According to the title, the maximum acceleration that a college student can withstand should be g (upward). When decelerating to v=0, ensure that the height is not less than 500m.

So the idea is that you can work backwards from 500m (of course, you can set the initial height h, the column, and solve the equation).

According to the characteristics of the problem, after a little analysis, it is known that the process time of acceleration and deceleration is equal (because the initial and final velocities are 0, and the magnitude of acceleration is also equal). At 500m, the acceleration motion is accelerated at 10m s 2 for 25s, and then the free throw is just stationary for 25s, and the altitude at this time is the desired flight altitude.

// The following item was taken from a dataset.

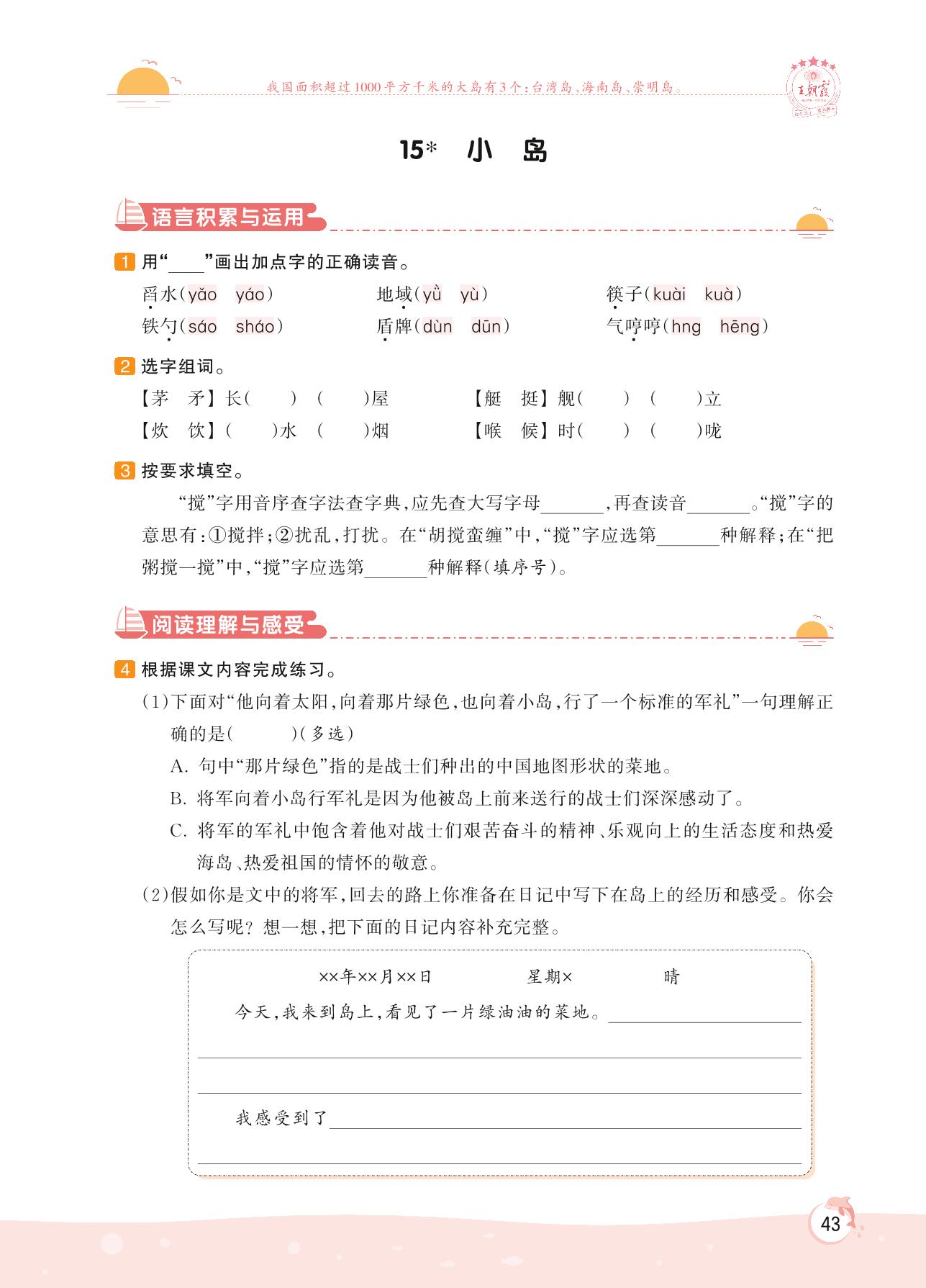 2022上册五年级语文人教版 第四单元 爱国情怀——15 小岛

It is not difficult to find that the height is 6750m.

The main problem is this. 1. Weightlessness of 25s. From the initial velocity of 0 to start free fall.

2. Overweight x seconds, x unknown. The main function is to slow it down.。。 Landed safely.

That is, the speed of reaching the ground is just reduced to 0. Overweight. The support force can be twice as strong as gravity.

That is, the overweight acceleration is also g, and this is the whole idea. So according to symmetry. The weightlessness distance is equal to the deceleration distance.

So at least 2*1 2*g*t 2=10*25*25=6250m

Overweight is the apparent weight is greater than the actual weight, weightlessness is the apparent weight is less than the actual weight, the apparent weight here refers to the weight seen on the instrument, the actual weight refers to the static situation, the weight of the instrument, is the actual weight, is this meaning, if the word is a bit of a problem, please ignore.

When you take the elevator, the elevator runs upwards to accelerate or downward to decelerate, you are in a state of overweight (there is a clear sense of weight on your legs), at this time, if you have a scale under your feet, it will show that your weight is larger than usual, and when the elevator runs downward, you are in a state of weightlessness when accelerating or running upwards to decelerate (feeling the blood rushing to the top of your head), if there is a scale under your feet at this time, it shows that your weight is smaller than usual. If you still can't understand it, it is recommended to sit in the elevator to experience it, practice helps to understand, and it is estimated that you will not forget it in the future. Hope it helps.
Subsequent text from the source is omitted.